▶ **About this task**
With any pictures left out, restate word for word the lines in the listing below from the one holding "春夏向き フードジップアップ ロングスカートセット [gg-1718]" through the last.

▶ **Source material**
[Start of Attachment]
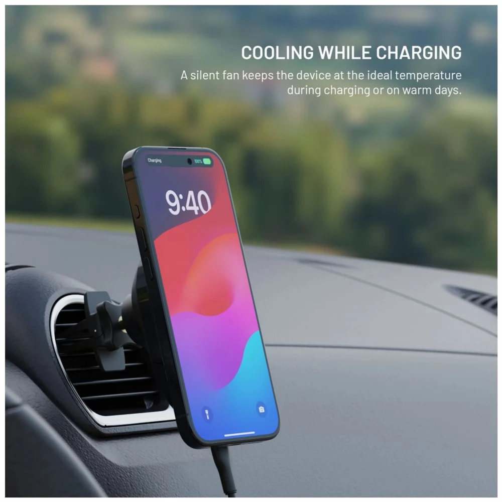 Fiksni držač za ventilaciju magnetskih automobila omogućuje vam da naplatite udoban bežični bez vožnje. Zahvaljujući QI2 certifikatu, on pruža najbrže bežično punjenje za sve uređaje koji podržavaju ovu tehnologiju. Izgrađeni -U magnetima pružaju točno i čvrsto držanje telefona s magsafe ili kompatibilnim poklopcem. Telefon se automatski podešava, ne ometa područje kamere i održava telefon stabilnim čak i kad vozite pop. Držač sadrži aktivni ventilacijski sustav s mirnim ventilatorom na opsegu površine punjenja. Veća snaga punjenja stvara veću toplinu, što može usporiti naboj. Međutim, zbog učinkovite ventilacije, uređaj drži optimalnu temperaturu i punjenje je stabilno. Prednja površina očvrsnog stakla daje držaču elegantan izgled, ali cijeli držač opremljen je UV slojem, koji materijal štiti od sunčeve svjetlosti. Nosač je pričvršćen kopčom s obrnutim kukom koja se zaglavila u ventilatoru i čvrsta je čak i kad se trese. Rotirajući spoj omogućuje vam lako podešavanje idealnog kuta gledanja jednom rukom. Sam fiksni je praktično rješenje za sigurno postavljanje telefona i brzo bežično punjenje tijekom vožnje.
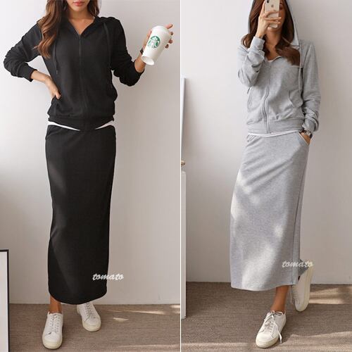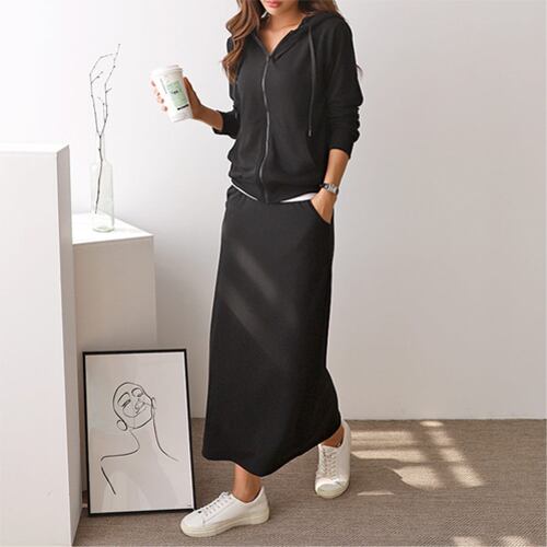 春夏向き フードジップアップ ロングスカートセット [gg-1718]
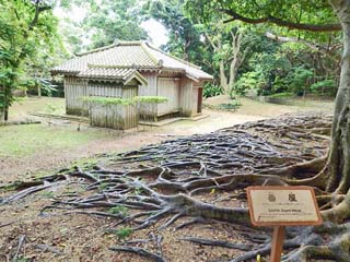 2015/4/10(14:01) 「番屋」。 「識名園」を日常管理する人達の詰め所であったという。 地面にびっしりと張るのは「ガジュマル」の根である。 なお、この写真では建物を裏から撮影しているが、 順路では、帰路にも立ち寄り、帰路では建物を表から 見ることができる。 写真をクリックすると1.75倍ズームで撮る「番屋」が 表示(600x450)されます。 |
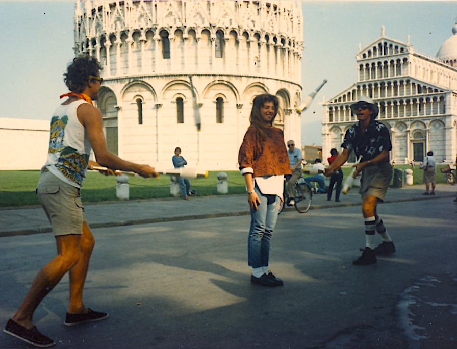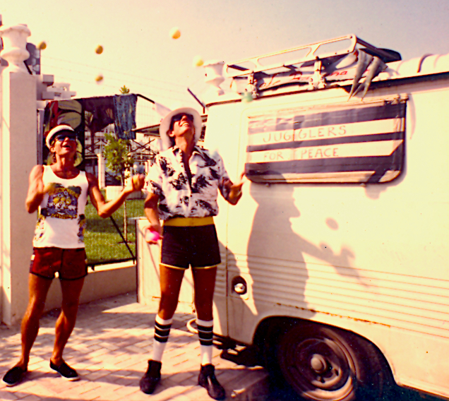 We drove first to Paris where, by chance, my friend Don Moody from Hilo, Hawaii was visiting. I’d taught him to juggle after performing in the “Comedy of Errors” show he directed and so he traveled with us via the Tower of Pisa and the beaches of Portugal to this surreal gathering of Europes jugglers. I was really glad we had a third crew aboard the bus because Butterfly’s on stage humourous personality wasn’t easy to live with off stage. When he was moody, irritable and often damn rude, it was good to have Don to hang out with. Butterfly had a seriously hard time letting go of his stage persona and just relaxing with his true self. Like many performers he was insecure, not liking or trusting his real life personality. I found this weird because, like many other friends of his, I grew to love the caring and considerate Robert Nelson who lived behind the butterfly mask.
[End of Attachment]
▶ **Solution for this exercise**
 春夏向き フードジップアップ ロングスカートセット [gg-1718]
 2015/4/10(14:01) 「番屋」。 「識名園」を日常管理する人達の詰め所であったという。 地面にびっしりと張るのは「ガジュマル」の根である。 なお、この写真では建物を裏から撮影しているが、 順路では、帰路にも立ち寄り、帰路では建物を表から 見ることができる。 写真をクリックすると1.75倍ズームで撮る「番屋」が 表示(600x450)されます。 |
 We drove first to Paris where, by chance, my friend Don Moody from Hilo, Hawaii was visiting. I’d taught him to juggle after performing in the “Comedy of Errors” show he directed and so he traveled with us via the Tower of Pisa and the beaches of Portugal to this surreal gathering of Europes jugglers. I was really glad we had a third crew aboard the bus because Butterfly’s on stage humourous personality wasn’t easy to live with off stage. When he was moody, irritable and often damn rude, it was good to have Don to hang out with. Butterfly had a seriously hard time letting go of his stage persona and just relaxing with his true self. Like many performers he was insecure, not liking or trusting his real life personality. I found this weird because, like many other friends of his, I grew to love the caring and considerate Robert Nelson who lived behind the butterfly mask.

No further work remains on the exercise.